Tutorial: Transcriptome Clustering
This brief tutorial uses a cancer cell microarray expression dataset to demonstrate AutoSOME transcriptome clustering.
1) If you have not already done so,
Launch AutoSOME
.
2) Download and save the example
cancer line expression dataset
.
(primary dataset: Alizadeh et al. (2000) Nature, 403:503)
3) Select the
Input
button to launch a file browser. Load the example dataset.
4) After loading the dataset, expand
Basic Fields
and change the
Cluster Analysis
field to
columns
. AutoSOME is now configured to cluster transcriptomes rather than individual gene probes. Next, expand
Input Adjustment
and select
Unit Variance
normalization.
5) Since AutoSOME clusters transcriptomes by first generating an all-against-all similarity matrix, the GUI provides three commonly used distance metrics for comparing transcriptomes to one another. Expand
Advanced Fields
and locate the
Fuzzy Cluster Networks
panel. Although Euclidean distance is selected by default, one can also use Pearson's or Uncentered correlation metrics (Let's keep the default for this tutorial). See
FAQ
for an overview of the distance metrics.
6) Run AutoSOME with all remaining parameters set to their default values (i.e. No. Ensemble Runs = 50; P-Value <= 0.1).

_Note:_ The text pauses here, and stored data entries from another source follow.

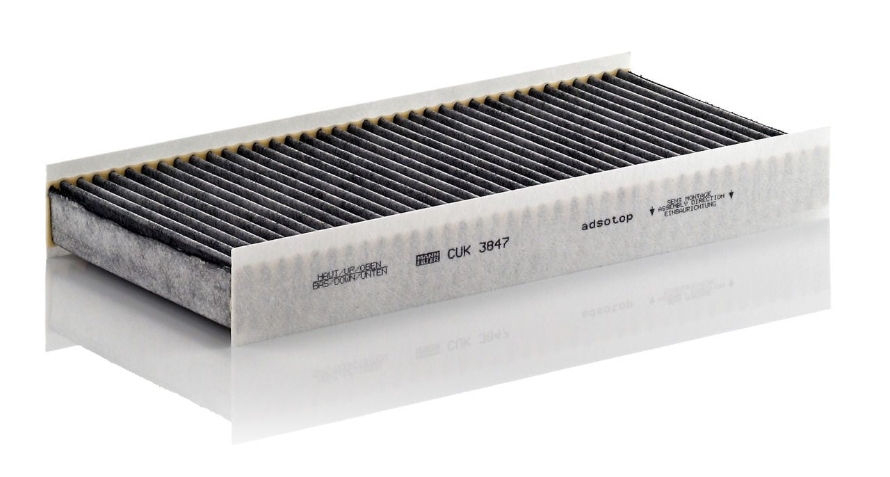 High-quality MANN-FILTER cabin filters with active carbon - nearly 100% protection from particles like pollen, diesel soot & tyre abrasion / Additional protection from harmful gases & unpleasant odour. The trated highly-effective activated carbon gives protection against harmful gases such as ozone, nitrogen oxide or sulphur dioxide and eliminates unpleasant odours during the entire service interval.
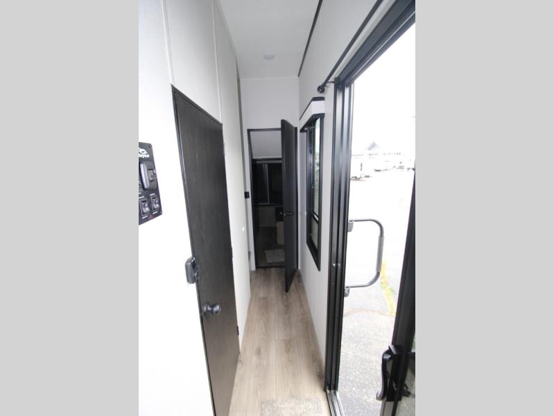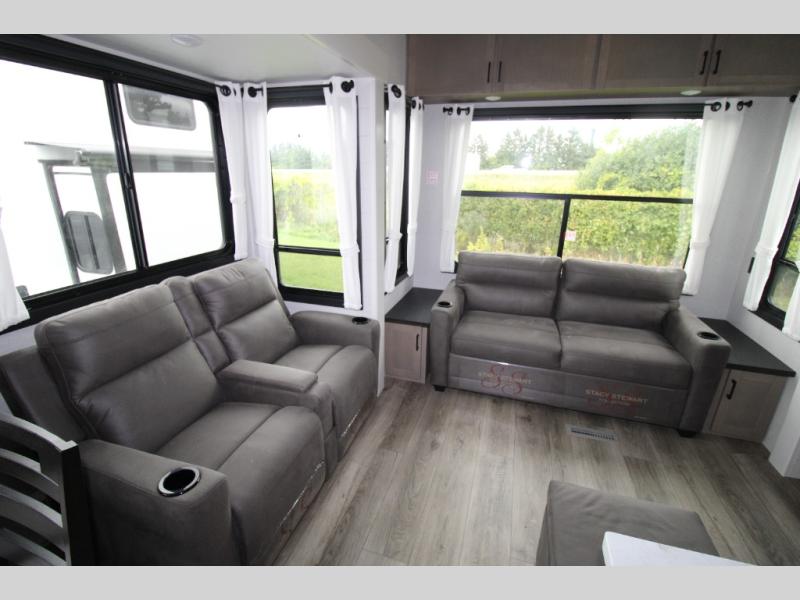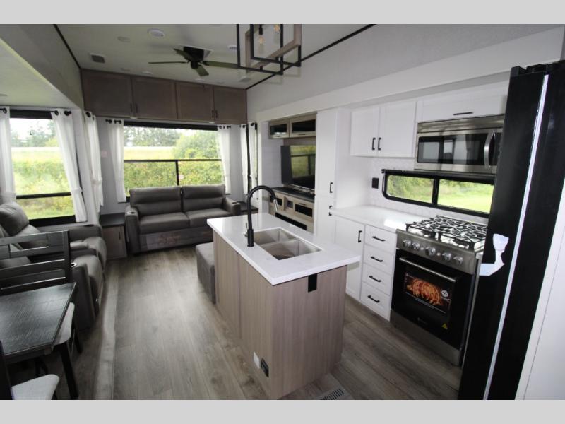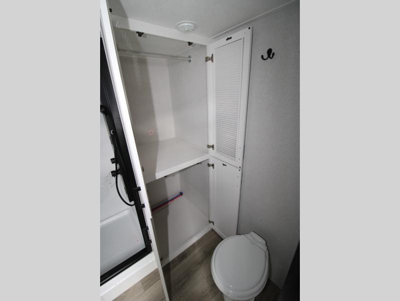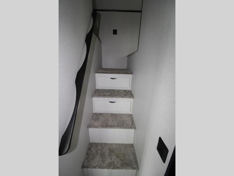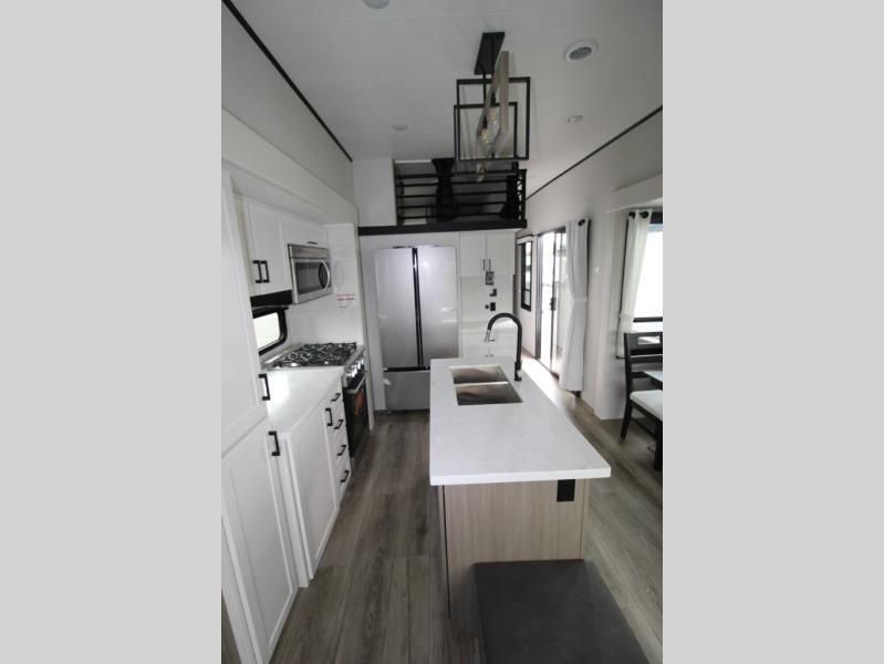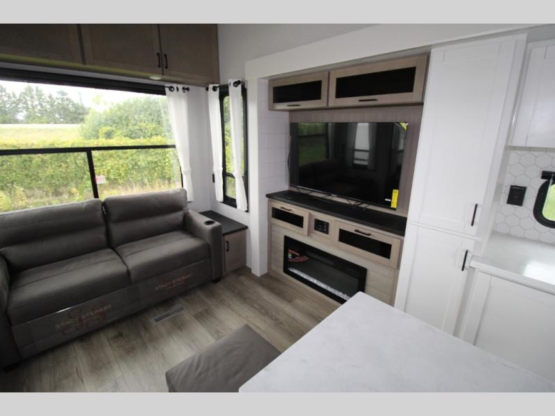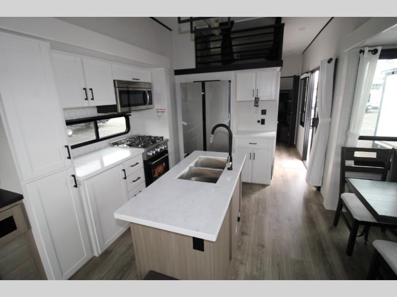 Wherever you choose you camp, you'll be camping in comfort with this travel trailer. There are dual opposing slides in the main living area, allowing everyone space to stretch out, and the cook will love having more space at the kitchen island. After dinner is cleaned up you can relax on the theater seat across from the TV and fireplace, or you can play a game at the free-standing table and chairs. The little ones are sure to head up to the double loft area to play or rest. Here, you'll find three bunk mats, two wardrobes, and shelves for plenty of storage space. The front private bedroom incudes a cozy queen bed, plus a dresser, wardrobe, and storage cabinets for all your belongings. You can even choose the king bed option in place of the queen bed if you want more space to stretch out!
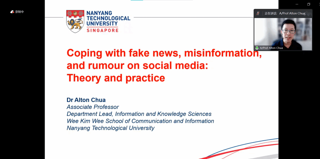 新加披南洋理工大学黄金辉传播与信息公司经理聘副教授兼任信息与知识学科系主任Alton Chua分享题为《应对社交媒体平台上的假新闻、虚假信息和谣言:理论与实践》(Coping with fake news,miinformation and rumor on social media:theory and practice)的主题报告。Alton Chua教授从如何判断网络信息的真假,普通用户是否会传输网络信息以及网络信息的分享范围三个方面做了精彩的报告。
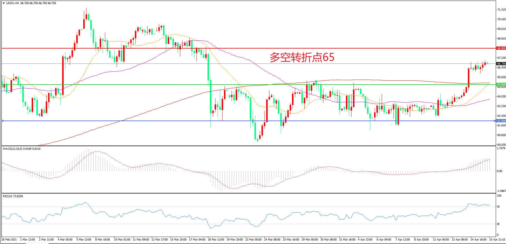 交易策略:在65.00之上看涨,目标68.00 72.00
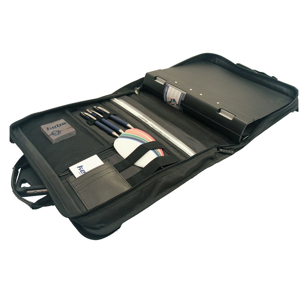 Kraftig väska i slitstark nylon inklusive pärm som enkelt kan tas ur och i. Kan bäras under armen, med inbyggda bärhandtag eller med medföljande axelrem. Plats för visitkort, kalkylator, kollegieblock, pennor m.m. 5 års garanti.
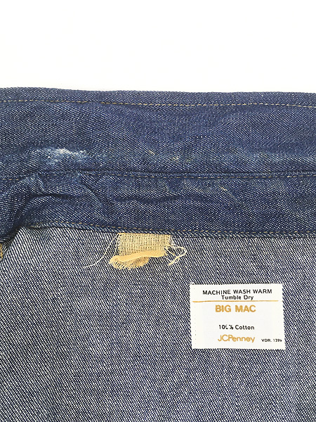 古着 70s BIG MAC JC Penney 真紺 100%コットン デニム ウエスタン シャツ XL位

7) All clusters in the output tree are shown below using the heat map display. We see that the heat map shows a clustered similarity matrix of cell lines (shown here using a contrast-adjusted rainbow heat map).
8) The necessary output files to create
Fuzzy Cluster Networks
(Edges and Nodes text files) are now available and can be viewed by selecting them from the
Output Files
table.
9) This concludes the mini-tutorial on transcriptome clustering.